Guillermo Del Toro Says 'Shape Of Water' Is An Antidote For Today's Cynicism
Mexican filmmaker Guillermo del Toro is known for blurring the line between fantasy and reality. He directed the 2006 dark fantasy Pan's Labyrinth,and in his latest film, The Shape of Water, he once again mixes realistic sets with mysterious monsters.
The Shape of Water is set near Washington, D.C., inside a Cold War government lab. In the midst of the space race with Russia, American authorities capture an amphibian sea creature. They plan to dissect it and see if it can withstand being shot into space.
While the beast, played by Doug Jones, clearly seems alien, its human-like characteristics are striking.

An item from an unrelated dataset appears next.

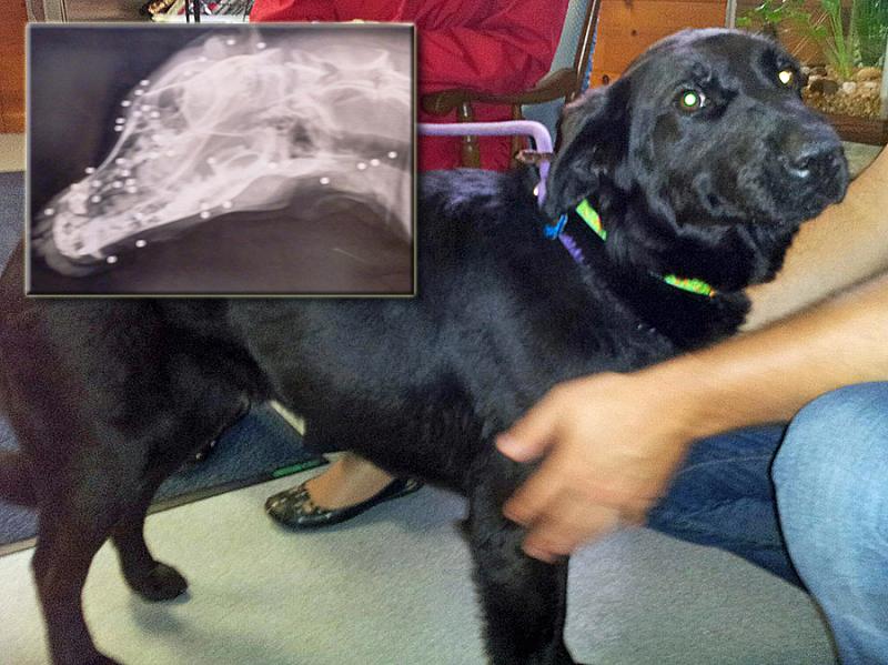 Μία ακτινογραφία αποκάλυψε 50 σκάγια τύπου BB στο κεφάλι του λαμπραντόρ και άλλη έδειξε ότι πολλά ακόμα υπήρχαν διάσπαρτα στο σώμα του. Σύμφωνα με τον Dr Domeyer το σκυλί φαίνεται να είναι χαρούμενο, αλλά οι κτηνίατροι θα συνεχίσουν να το παρακολουθούν ώστε να αποκλείσουν μελλοντικές παρενέργειες.

Like the creatures in Pan's Labyrinth, Jones wore a meticulously designed suit and his amphibian man was given slight digital modifications in post-production.

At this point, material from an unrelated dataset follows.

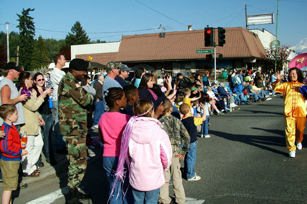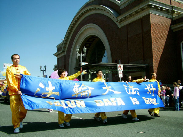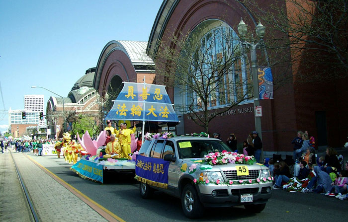 【明慧网2006年4月28日】2006年4月22日,美国华盛顿州法轮功学员第4年应邀参加了一年一度的,由电视转播的水仙花节大游行,在华州第一大雪山Mt. Rainier的映衬下,学员们把大法的美好播种在华州民众的心中,许多观众向学员竖起大拇指叫好;主办单位主席两度前来问候学员。法轮功队伍获得了“Director's Award”奖。

Del Toro tells NPR's Rachel Martin, "The beautiful thing about this creature is [it's] sort of the Michelangelo's David of those creatures. He's absolutely gorgeous in every proportion, in every sculptural detail."
American and Russian officials are drawn to the monster for its ability to communicate without words. That's also how it connects with the film's mute heroine, Elisa, played by Sally Hawkins.
The characters around Elisa, including her friends, spend much of the film talking ather, even though they understand when she signs back to them. But when Elisa is with the creature, their ability to listen to each other is apparent.
"What is beautiful for me is that every single character that has the power of speech has problems communicating," del Toro says. "And the two characters that [do not have] the power of speech — they are mute or wordless — they are actually communicating beautifully."
Del Toro says he uses Elisa and the creature's connection as a window to how people should communicate with one another.
"The movie is about connecting with 'the other,' " he says. "You know, the idea of empathy, the idea of how we do need each other to survive. And that's why the original title of the screenplay when I wrote it was A Fairy Tale for Troubled Times, because I think that this is a movie that is incredibly pertinent and almost like an antidote to a lot of the cynicism and disconnect that we experience day to day."
Like many of his films, The Shape of Water was also informed by del Toro's Catholic upbringing. (Today he describes himself as "lapsed.") The sea creature, for example, was inspired by both Catholicism and fairy tales.
"A very Catholic notion is the humble force, or the force of humility, that gets revealed as a god-like figure toward the end," he says. "It's also used in fairy tales. In fairy tales, in fact, there is an entire strand of tales that would be encompassed by the title 'The Magical Fish.' And [it's] not exactly a secret that a fish is a Christian symbol."
In The Shape of Water and in Pan's Labyrinth, del Toro also flirts with the idea of an afterlife — even though he doesn't believe in it.
"I don't think there is life beyond death, I don't," he says. "But I do believe that we get this clarity in the last minute of our life. The titles we achieved, the honors we managed, they all vanish. You are left alone with you and your deeds and the things you didn't do. And that moment of clarity gives you either peace or the most tremendous fear, because you finally have no cover, and you finally realize exactly who you are."